Cabanac, a Canadian physiologist, uses a four-dimensional map to convey the complexity of the emotional experiences themselves (Cabanac 2002, p70):

In this map, four axes intersect:

X identifies the kind of mental event present in consciousness (sensation, memory recall, etc.);

Y is a measure of its intensity (barely experienced, faint, clear, loud, intense, etc.);

Z is the amount of pleasure or displeasure experienced, from extreme displeasure (negative), to extreme pleasure (positive);

T is time and describes the duration of the mental experience.

Cabanac argues that “emotion is any mental experience with high intensity and high hedonicity (pleasure/displeasure)” (Cabanac 2002, p76) but as his model shows, within any emotional state, its intensity, hedonicity and duration may vary independently. In the case of some of the responses I was analysing, all three of these were extremely high. Cabanac’s model, unlike Panksepp’s, easily accommodates the emotion of joy, which I discuss in Section 4.4. Sloan points out (Sloan 2011) that while “joy is sometimes mentioned in discussions of hedonism, happiness, desire, or religion, it is rarely considered in itself” (p419); it differs from other emotions in being an isolated, unpredictable occurrence, defined by its intensity and transience.

A useful note of caution – as well as an implied call for further research – is provided by the American neuroscientist Damasio (2000), against the idea that we have a “biological machinery”

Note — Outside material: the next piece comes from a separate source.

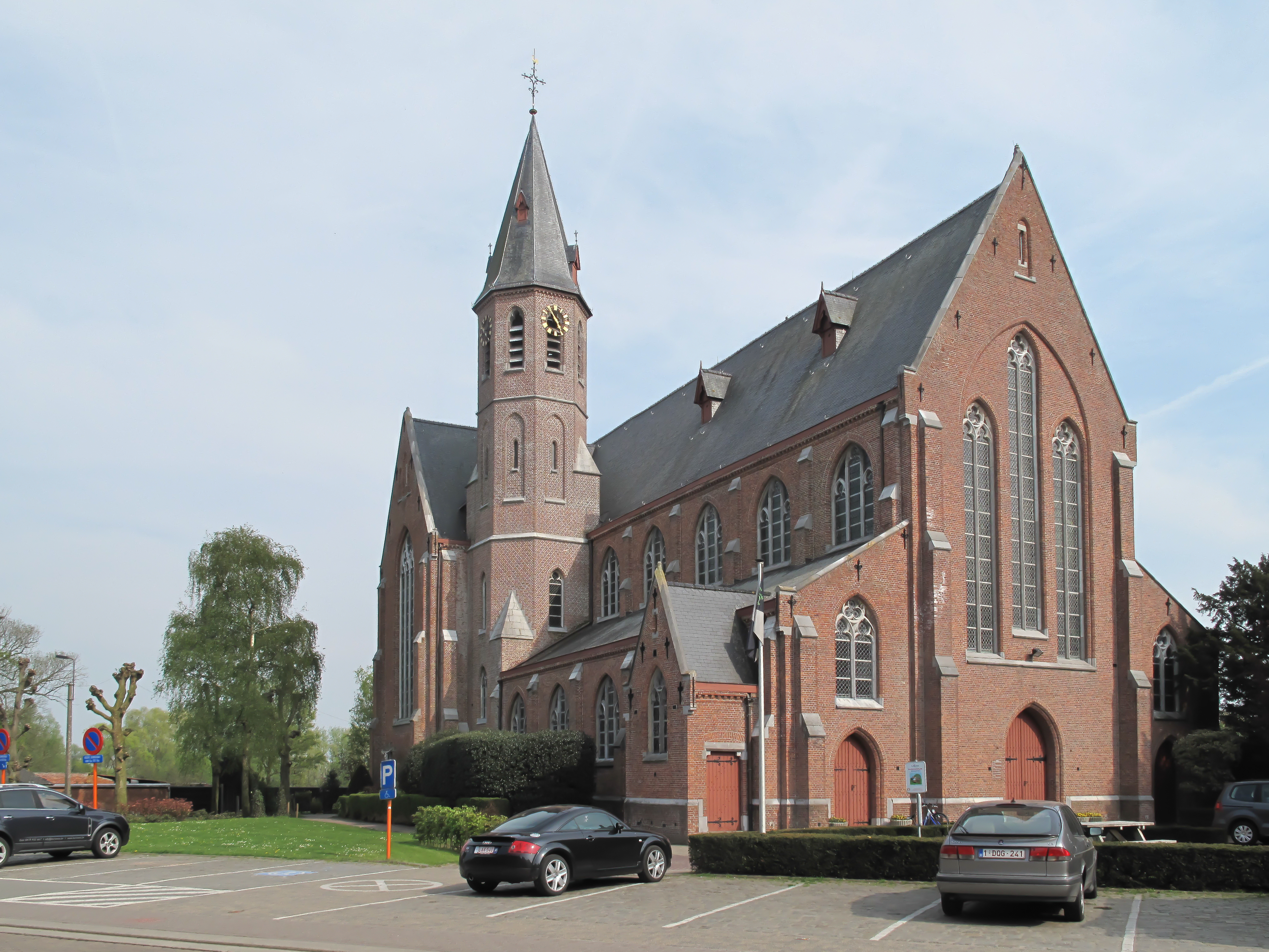 Heiende, church: de Heilig Hartkerk

that is “preset” to deliver predictable emotions, cognition and behaviour. This idea has been resisted by most sociocultural scholars and is now superseded in neuroscience, as Damasio explains:

In all probability, development and culture superpose the following influences on the preset devices: first, they shape what constitutes an adequate inducer of a given emotion; second, they shape some aspects of the expression of emotions; and third, they shape the cognition and behaviour which follows the deployment of an emotion.

(Damasio 2000, p 127)

The Dutch psychologist Frijda (1986) warns that “there is no consensus about the definition of emotion; one may quarrel endlessly about the word” and suggests that we may as well assume

Figure 1.1 Cabanac's map of emotional experience

“that what we loosely call ‘emotions’ are responses to events that are important to the

individual” before going on to consider what these responses consist of (Frijda 1986). Cabanac takes a similarly pragmatic approach, starting with one of the many lists in everyday discourse:

“the term is taken for granted in itself and, most often, emotion is defined with reference to a list: anger, disgust, fear, joy, sadness, and surprise.” His own definition is that emotions are

“motivational states,” all of which act to generate “behaviour oriented towards, or away from, the stimulus” (Cabanac 2002, p72). Panksepp asserts that there is “good biological evidence for seven innate emotional systems – fear, anger, sorrow, anticipatory eagerness, play, sexual lust and maternal nurturance”(Panksepp 2004, p47) – but he focuses particularly on the earliest evolutionary phases of human existence to identify four emotions that are likely to have arisen from basic environmental challenges: fear, panic, rage and seeking. He characterises “seeking”

as the emotion that drives curiosity and investigation (p50), confirming Vygotsky’s much earlier argument that “thought is … engendered by motivation, i.e., by our desires and needs, our interests and emotions” (Vygotsky 1986, p252). It is this concept in particular that I have taken up in my analysis of the focused attention that the children often displayed (see Section 4.1).